» **Work item**:
Lines to return, exactly: from the line with "- Remove the" to the line with "Com 83,5 cm" in the entries below, both included.

» **Data to examine**:
• • • • • • •

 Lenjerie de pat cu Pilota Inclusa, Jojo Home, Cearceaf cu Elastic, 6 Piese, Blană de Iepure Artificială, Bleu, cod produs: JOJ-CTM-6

• • • • • • •

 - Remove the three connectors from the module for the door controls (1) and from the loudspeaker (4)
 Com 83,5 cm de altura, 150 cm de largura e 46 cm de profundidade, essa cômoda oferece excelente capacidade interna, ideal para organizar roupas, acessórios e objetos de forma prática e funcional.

• • • • • • •

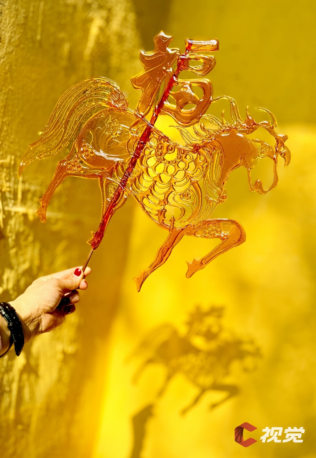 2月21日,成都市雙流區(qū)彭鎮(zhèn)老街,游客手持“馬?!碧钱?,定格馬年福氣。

• • • • • • •

» **Exercise result**:
 - Remove the three connectors from the module for the door controls (1) and from the loudspeaker (4)
 Com 83,5 cm de altura, 150 cm de largura e 46 cm de profundidade, essa cômoda oferece excelente capacidade interna, ideal para organizar roupas, acessórios e objetos de forma prática e funcional.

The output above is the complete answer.